There are no magic rules for making code more efficient. Efficiency is achieved through careful tradeoffs, and these tradeoffs are different for different architectures. However, for the foreseeable future, a good heuristic is that programmers should pay more attention to memory access patterns than to operation counts. This is the opposite of the best heuristic of two decades ago. This switch has occurred because the speed of memory has not kept pace with the speed of processors. Since that trend continues, the importance of limited and coherent memory access for optimization should only increase.
A reasonable approach to making code fast is to proceed in the following order, taking only those steps which are needed:
The most important of these steps is the first one. Most “optimizations” make the code harder to read without speeding things up. In addition, time spent upfront optimizing code is usually better spent correcting bugs or adding features. Also, beware of suggestions from old texts; some classic tricks such as using integers instead of reals may no longer yield speed because modern CPUs can usually perform floating-point operations just as fast as they perform integer operations. In all situations, profiling is needed to be sure of the merit of any optimization for a specific machine and compiler.
Certain common strategies are often useful in graphics programming. In this section we provide some advice that you may find helpful as you implement the methods you learn about in this book.
A key part of any graphics program is to have good classes or routines for geometric entities such as vectors and matrices, as well as graphics entities such as RGB colors and images. These routines should be made as clean and efficient as possible. A universal design question is whether locations and displacements should be separate classes because they have different operations, e.g., a location multiplied by one-half makes no geometric sense while one-half of a displacement does (Goldman, 1985; DeRose, 1989). There is little agreement on this question, which can spur hours of heated debate among graphics practitioners, but for the sake of example let’s assume we will not make the distinction.
This implies that some basic classes to be written include:
In addition, you might or might not want to add classes for intervals, orthonormal bases, and coordinate frames.
Modern architecture suggests that keeping memory use down and maintaining coherent memory access are the keys to efficiency. This suggests using single-precision data. However, avoiding numerical problems suggests using double-precision arithmetic.

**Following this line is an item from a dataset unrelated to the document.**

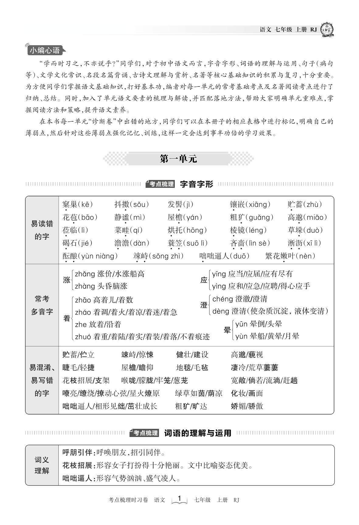 2022上册七年级语文人教版 考点梳理手册——第一单元

The tradeoffs depend on the program, but it is nice to have a default in your class definitions.
If you ask around, you may find that as programmers become more experienced, they use traditional debuggers less and less. One reason for this is that using such debuggers is more awkward for complex programs than for simple programs. Another reason is that the most difficult errors are conceptual ones where the wrong thing is being implemented, and it is easy to waste large amounts of time stepping through variable values without detecting such cases. We have found several debugging strategies to be particularly useful in graphics.
In graphics programs there is an alternative to traditional debugging that is often very useful. The downside to it is that it is very similar to what computer programmers are taught not to do early in their careers, so you may feel “naughty” if you do it: we create an image and observe what is wrong with it. Then, we develop a hypothesis about what is causing the problem and test it. For example, in a ray-tracing program we might have many somewhat random looking dark pixels. This is the classic “shadow acne” problem that most people run into when they write a ray tracer. Traditional debugging is not helpful here; instead, we must realize that the shadow rays are hitting the surface being shaded. We might notice that the color of the dark spots is the ambient color, so the direct lighting is what is missing. Direct lighting can be turned off in shadow, so you might hypothesize that these points are incorrectly being tagged as in shadow when they are not. To test this hypothesis, we could turn off the shadowing check and recompile. This would indicate that these are false shadow tests, and we could continue our detective work. The key reason that this method can sometimes be good practice is that we never had to spot a false value or really determine our conceptual error. Instead, we just narrowed in on our conceptual error experimentally. Typically only a few trials are needed to track things down, and this type of debugging is enjoyable.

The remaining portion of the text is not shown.